• _WHAT THE TASK ASKS_: The answer is the exact run of lines in the listing below from the line containing "Aerial view of" up to and including the line containing "公司下設(shè):管理部、", with pictures removed.

• _PROVIDED ENTRIES_:
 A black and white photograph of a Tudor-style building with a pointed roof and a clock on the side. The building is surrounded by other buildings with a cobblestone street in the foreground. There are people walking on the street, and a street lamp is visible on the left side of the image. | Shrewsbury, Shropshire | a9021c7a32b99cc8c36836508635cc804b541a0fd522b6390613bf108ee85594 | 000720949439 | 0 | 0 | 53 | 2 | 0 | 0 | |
* * *
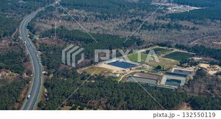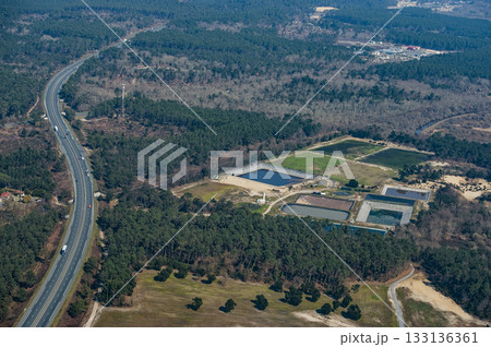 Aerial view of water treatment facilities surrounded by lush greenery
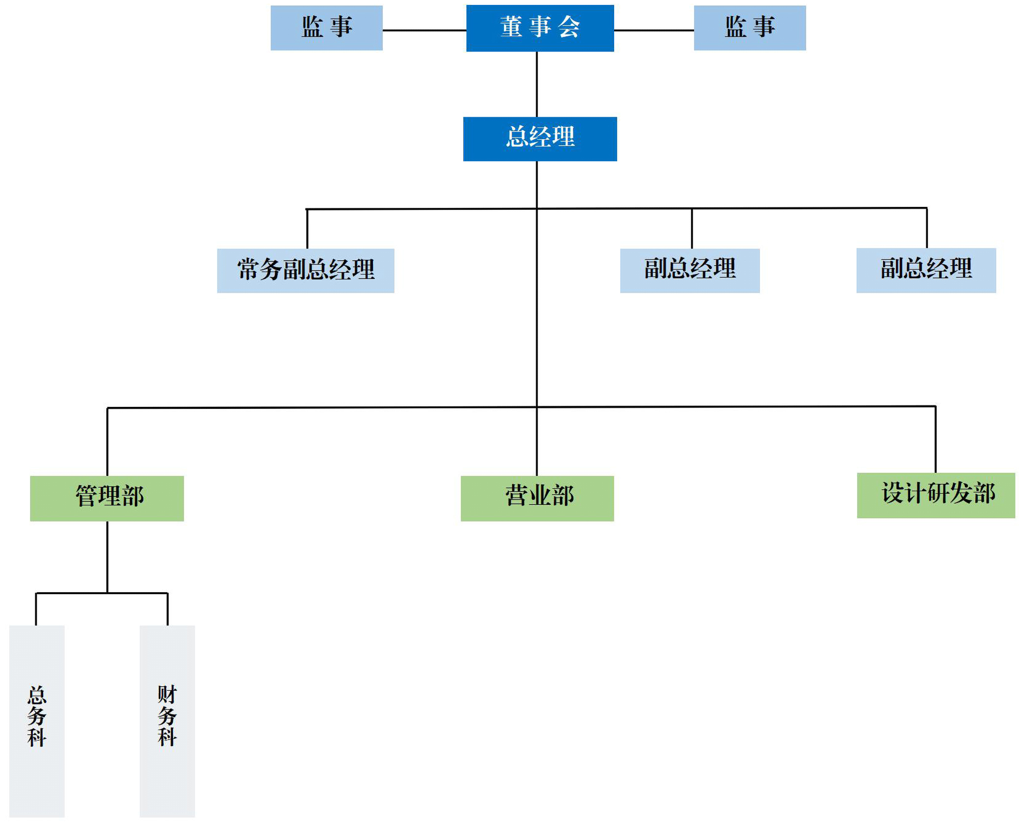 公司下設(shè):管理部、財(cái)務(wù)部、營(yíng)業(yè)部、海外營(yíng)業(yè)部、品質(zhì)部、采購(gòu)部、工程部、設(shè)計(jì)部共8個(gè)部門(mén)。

• _SOLUTION_:
 Aerial view of water treatment facilities surrounded by lush greenery
 公司下設(shè):管理部、財(cái)務(wù)部、營(yíng)業(yè)部、海外營(yíng)業(yè)部、品質(zhì)部、采購(gòu)部、工程部、設(shè)計(jì)部共8個(gè)部門(mén)。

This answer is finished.